“Glad to meet you, Mr. Jones,” says Peter. “So you want to be a waiter, do you? For how much per?”
“Oh, I don't know. I'll begin at the bottom, being a green hand. Twenty a week or so; whatever you're accustomed to paying.”
Brown choked. “The figure's all right,” he says, “only it covers a month down here.”
“Right!” says Jones, not a bit shook up. “A month goes.”
Peter stepped back and looked him over, beginning with the tan shoes and ending with the whirligig hat.
“Jonesy,” says he, finally, “you're on. Take him to the servants' quarters, Wingate.”
A little later, when I had the chance and had Brown alone, I says to him:
“Peter,” says I, “for the land sakes what did you hire the emperor for? A blind man could see HE wa'n't no waiter. And we don't need him anyhow; no more'n a cat needs three tails. Why—”

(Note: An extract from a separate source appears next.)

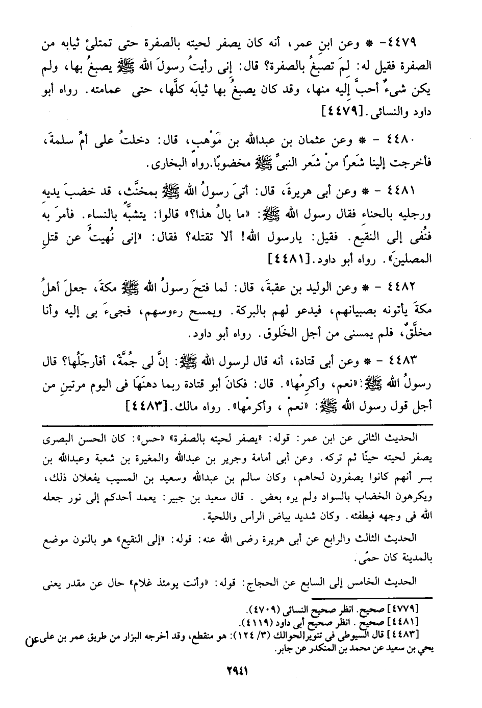 4479 - وعن ابن عمر، أنه كان يصفر لحيته بالصفرة حتى تمتلئ ثيابه من الصفرة فقيل له: لم تصبغ بالصفرة؟ قال: رأيت رسول الله صلى الله عليه وسلم يصبغ بها، ولم يكن شيء أحب إليه منها، وقد كان يصبغ بها ثيابه كلها، حتى عمامته. رواه أبو داود والنسائي. [4479]

But he was back at me before I could wink. “Need him?” he says. “Why, Barzilla, we need him more than the old Harry needs a conscience. Take a bird's-eye view of him! Size him up! He puts all the rest of the Greek statues ten miles in the shade. If I could only manage to get his picture in the papers we'd have all the romantic old maids in Boston down here inside of a week; and there's enough of THEM to keep one hotel going till judgment. Need him? Whew!”
Next morning we was at the breakfast-table in my branch establishment, me and Mabel and the five boarders. All hands was doing their best to start a famine in the fruit market, and Dr. Blatt was waving a banana and cheering us with a yarn about an old lady that his Burdock Bitters had h'isted bodily out of the tomb. He was at the most exciting part, the bitters and the undertaker coming down the last lap neck and neck, and an even bet who'd win the patient, when the kitchen door opens and in marches the waiter with the tray full of dishes of “cereal.” Seems to me 'twas chopped hay we had that morning—either that or shavings; I always get them breakfast foods mixed up.